Bad Bunny convierte Madrid en un motor económico
El puertorriqueño es un motor económico de gran escala capaz de movilizar turismo, dinamizar barrios enteros y generar un retorno millonario para la ciudad.
La residencia de Bad Bunny en Madrid ya trasciende lo musical para convertirse en uno de los fenómenos económicos más relevantes del año en la capital. Los diez conciertos que el artista puertorriqueño ofrecerá en el Riyadh Air Metropolitano entre el 30 de mayo y el 15 de junio movilizarán a cientos de miles de personas.
Dejarán un impacto estimado de hasta 200 millones de euros en la economía madrileña, según las previsiones del sector.
Una millonaria taquilla
La magnitud del fenómeno comienza por la venta de entradas. Bad Bunny ha vendido cerca de 600.000 localidades en Madrid, con un precio medio aproximado de 150 euros, aunque algunas superan los 500.
Solo por taquilla, la recaudación supera ampliamente los 90 millones de euros. Pero el verdadero alcance económico va mucho más allá del recinto. La llegada masiva de asistentes está activando sectores como la hostelería, el turismo, el comercio, el transporte y el ocio nocturno, generando un efecto multiplicador sobre buena parte de la actividad empresarial de la ciudad.
Uno de los datos clave está en el perfil del público desplazado. Se estima que alrededor del 40 % de los asistentes (unas 300.000 personas) proceden de fuera de la Comunidad de Madrid. Esa llegada de visitantes nacionales e internacionales está elevando la demanda hotelera y el consumo turístico durante más de dos semanas.
Hoteles y restaurantes disparan sus ingresos
En los días de mayor afluencia, la ocupación hotelera alcanza el 80 %, mientras que el gasto se distribuye por diferentes zonas de la capital gracias al formato de residencia prolongada del artista.
La hostelería es uno de los sectores más beneficiados. Hostelería Madrid calcula que bares, restaurantes y cafeterías ingresarán entre 14 y 28 millones de euros durante el ciclo de conciertos.
El gasto medio previsto por asistente se sitúa entre 20 y 40 euros diarios en restauración, especialmente en establecimientos de ticket medio y medio-bajo.
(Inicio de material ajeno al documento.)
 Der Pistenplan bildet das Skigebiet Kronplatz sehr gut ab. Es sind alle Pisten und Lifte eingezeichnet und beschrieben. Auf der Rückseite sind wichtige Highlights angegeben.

Los conciertos de Bad Bunny en Madrid se dejan sentir en algunos barrios
Los barrios donde más se está notando este efecto son Malasaña, Chueca y Tribunal, que concentran alrededor del 10 % de las reservas registradas durante estas fechas. Les siguen zonas como Las Letras, Atocha-Jerónimos, Lavapiés, Antón Martín y Embajadores, donde también se ha producido un notable incremento de la actividad.
También el ocio nocturno prevé una repercusión significativa. La Asociación de Empresarios de Ocio y Espectáculos de Madrid estima que aproximadamente el 15 % del impacto económico total generado por los conciertos recaerá sobre este sector.
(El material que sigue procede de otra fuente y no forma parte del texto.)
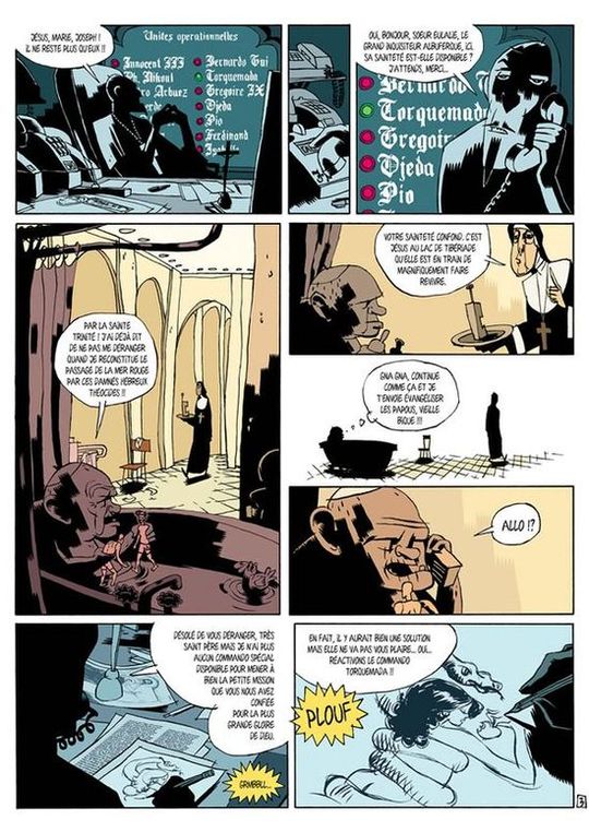 Le commando Torquemada est composé de Frère Malachie, empoisonneur auteur d'hallucinogènes, Feargal Mc Gowan, dandy british friand de calembours et d'explosifs et de la très, très, très sexy Sœur Sarah Terwagne. Ensemble, ils mettent leurs talents au service de l'ambition papale du Cardinal Albuferque qui dirige la Sainte Inquisition d'une main perverse, dans des aventures complètement barges, à l'humour totalement irrespectueux, souvent acide et toujours débile au bon sens du terme.

Desde la patronal destacan además que el horario de finalización de los conciertos, previsto en torno a las 23.00 horas, favorece la continuidad del consumo posterior en locales de ocio, al tiempo que reduce molestias vecinales.
El llamado “efecto Bad Bunny” también está teniendo reflejo en el consumo vinculado al merchandising y la cultura fan. La demanda de productos relacionados con el artista se ha disparado en las últimas semanas, desde vinilos y camisetas hasta accesorios asociados a su gira. A ello se suma el lanzamiento de su colección junto a Zara, que amplía aún más el impacto comercial vinculado a su paso por España.
Con estas cifras, la residencia madrileña de Bad Bunny se consolida como mucho más que una serie de conciertos. Un fenómeno que confirma el creciente peso de los grandes eventos musicales como impulsores directos de la economía urbana.